→ DIRECTIONS FOR THIS TASK: From the line with "招聘会期间,邬连东、袁卫敏现" to the line with "the Lodge too!", output every line below exactly, both ends included. Skip the pictures.

→ INFORMATION:
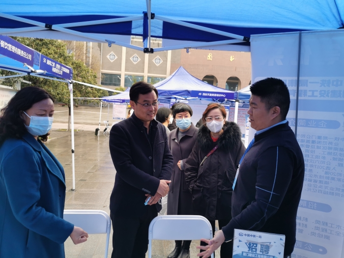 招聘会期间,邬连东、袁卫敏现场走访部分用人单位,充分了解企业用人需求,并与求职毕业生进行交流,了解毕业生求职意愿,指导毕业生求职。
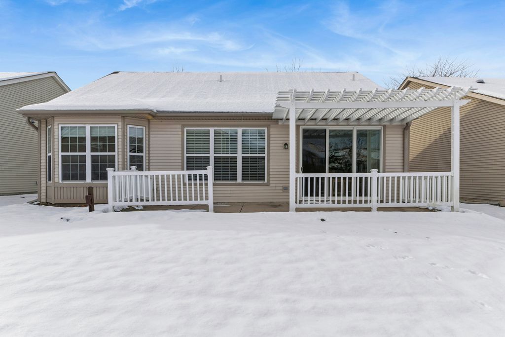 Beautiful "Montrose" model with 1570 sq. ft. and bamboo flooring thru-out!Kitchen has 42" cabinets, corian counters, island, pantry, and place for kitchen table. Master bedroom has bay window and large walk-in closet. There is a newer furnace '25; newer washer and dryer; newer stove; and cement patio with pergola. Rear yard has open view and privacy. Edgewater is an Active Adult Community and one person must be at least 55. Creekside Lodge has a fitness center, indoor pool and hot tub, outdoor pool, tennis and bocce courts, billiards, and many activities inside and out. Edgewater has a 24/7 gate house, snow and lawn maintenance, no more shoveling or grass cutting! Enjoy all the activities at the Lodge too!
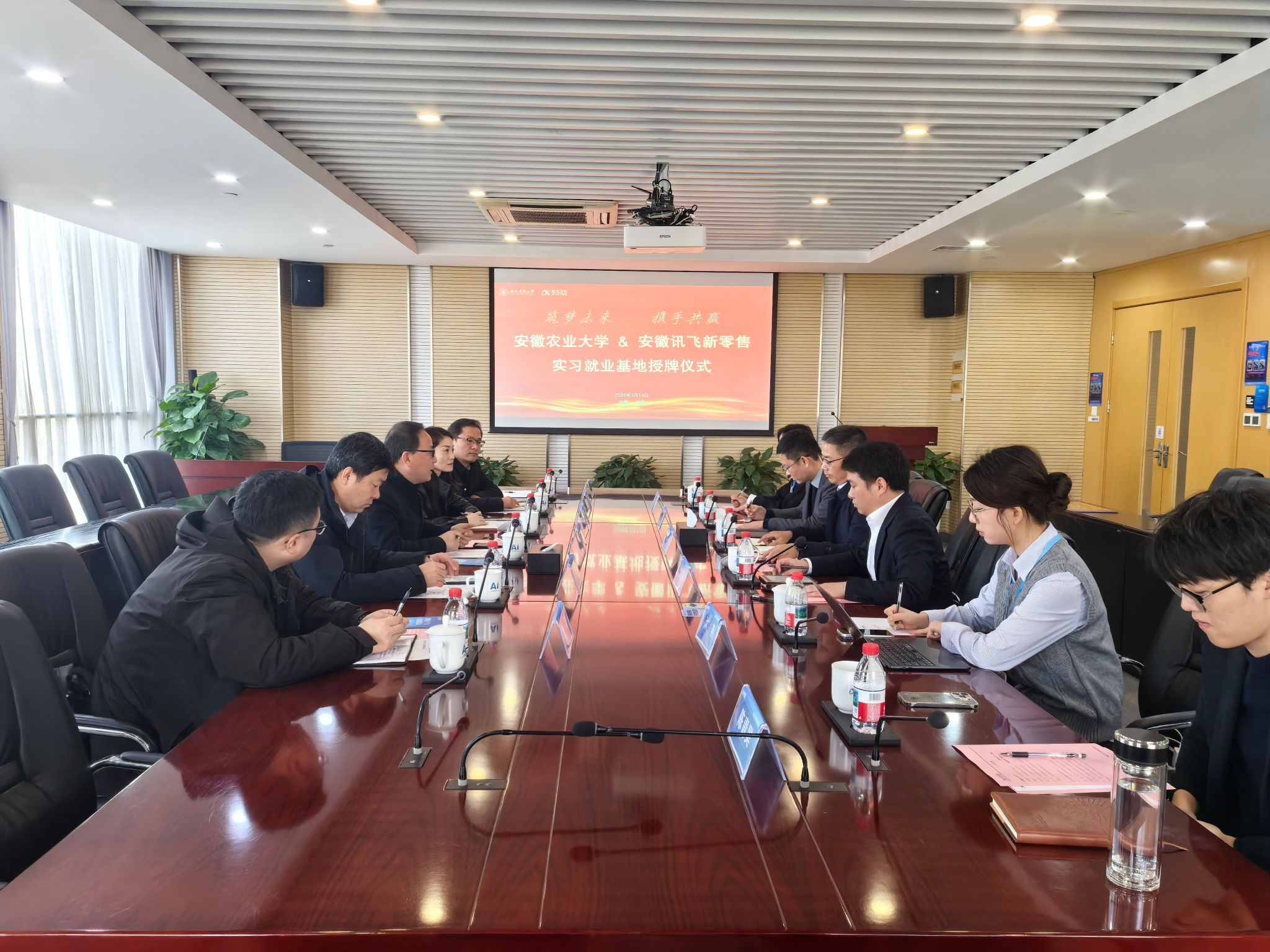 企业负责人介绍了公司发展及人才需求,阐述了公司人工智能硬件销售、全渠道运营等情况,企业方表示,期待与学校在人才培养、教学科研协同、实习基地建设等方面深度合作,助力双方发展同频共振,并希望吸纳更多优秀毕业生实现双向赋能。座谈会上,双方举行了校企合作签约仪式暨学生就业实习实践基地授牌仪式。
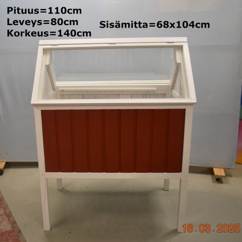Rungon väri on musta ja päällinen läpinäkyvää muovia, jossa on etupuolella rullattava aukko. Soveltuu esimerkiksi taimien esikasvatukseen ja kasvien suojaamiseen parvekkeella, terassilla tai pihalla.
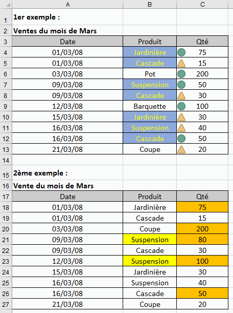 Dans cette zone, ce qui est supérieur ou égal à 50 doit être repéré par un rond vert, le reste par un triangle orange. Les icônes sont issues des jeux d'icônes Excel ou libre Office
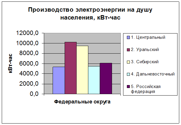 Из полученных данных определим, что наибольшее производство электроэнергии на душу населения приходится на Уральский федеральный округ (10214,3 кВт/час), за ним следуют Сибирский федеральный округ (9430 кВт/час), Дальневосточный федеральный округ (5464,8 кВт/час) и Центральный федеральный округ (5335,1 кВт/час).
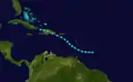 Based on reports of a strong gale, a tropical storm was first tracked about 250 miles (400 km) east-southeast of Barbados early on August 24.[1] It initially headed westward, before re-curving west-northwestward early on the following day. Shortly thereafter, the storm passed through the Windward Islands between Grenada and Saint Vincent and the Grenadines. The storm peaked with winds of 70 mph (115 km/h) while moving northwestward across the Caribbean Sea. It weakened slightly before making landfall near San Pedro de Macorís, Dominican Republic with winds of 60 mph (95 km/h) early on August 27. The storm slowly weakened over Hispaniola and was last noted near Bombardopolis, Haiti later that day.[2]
==
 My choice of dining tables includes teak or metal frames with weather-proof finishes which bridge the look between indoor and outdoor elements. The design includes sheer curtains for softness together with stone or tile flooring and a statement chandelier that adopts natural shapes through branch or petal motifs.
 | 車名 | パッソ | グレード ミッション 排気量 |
==
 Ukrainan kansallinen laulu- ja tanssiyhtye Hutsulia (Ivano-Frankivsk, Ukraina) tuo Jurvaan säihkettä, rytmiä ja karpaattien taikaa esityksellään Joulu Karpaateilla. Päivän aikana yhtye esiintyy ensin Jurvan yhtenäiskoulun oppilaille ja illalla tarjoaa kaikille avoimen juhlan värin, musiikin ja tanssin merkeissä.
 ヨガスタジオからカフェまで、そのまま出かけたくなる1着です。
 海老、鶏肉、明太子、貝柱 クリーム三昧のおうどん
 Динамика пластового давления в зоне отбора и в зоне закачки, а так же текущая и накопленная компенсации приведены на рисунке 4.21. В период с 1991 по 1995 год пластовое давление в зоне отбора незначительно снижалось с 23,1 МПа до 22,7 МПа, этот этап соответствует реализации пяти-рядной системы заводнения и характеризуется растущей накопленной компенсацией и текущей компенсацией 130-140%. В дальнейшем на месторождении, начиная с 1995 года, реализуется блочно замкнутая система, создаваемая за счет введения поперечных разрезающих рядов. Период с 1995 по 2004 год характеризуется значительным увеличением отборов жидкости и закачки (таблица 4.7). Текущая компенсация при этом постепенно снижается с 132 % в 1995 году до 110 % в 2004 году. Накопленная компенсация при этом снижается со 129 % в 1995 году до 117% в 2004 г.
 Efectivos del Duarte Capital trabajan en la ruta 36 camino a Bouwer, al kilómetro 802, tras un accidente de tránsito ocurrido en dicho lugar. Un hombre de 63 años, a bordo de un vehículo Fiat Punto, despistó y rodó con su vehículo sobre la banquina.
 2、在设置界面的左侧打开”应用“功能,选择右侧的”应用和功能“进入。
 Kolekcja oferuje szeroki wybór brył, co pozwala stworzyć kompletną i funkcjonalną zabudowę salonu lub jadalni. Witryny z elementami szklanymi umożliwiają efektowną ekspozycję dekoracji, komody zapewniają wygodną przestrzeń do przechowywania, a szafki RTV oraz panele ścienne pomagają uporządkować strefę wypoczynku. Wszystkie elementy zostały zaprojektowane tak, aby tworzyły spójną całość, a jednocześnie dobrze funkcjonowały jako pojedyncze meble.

→ REPLY TO THE EXERCISE:
 招聘会期间,邬连东、袁卫敏现场走访部分用人单位,充分了解企业用人需求,并与求职毕业生进行交流,了解毕业生求职意愿,指导毕业生求职。
 Beautiful "Montrose" model with 1570 sq. ft. and bamboo flooring thru-out!Kitchen has 42" cabinets, corian counters, island, pantry, and place for kitchen table. Master bedroom has bay window and large walk-in closet. There is a newer furnace '25; newer washer and dryer; newer stove; and cement patio with pergola. Rear yard has open view and privacy. Edgewater is an Active Adult Community and one person must be at least 55. Creekside Lodge has a fitness center, indoor pool and hot tub, outdoor pool, tennis and bocce courts, billiards, and many activities inside and out. Edgewater has a 24/7 gate house, snow and lawn maintenance, no more shoveling or grass cutting! Enjoy all the activities at the Lodge too!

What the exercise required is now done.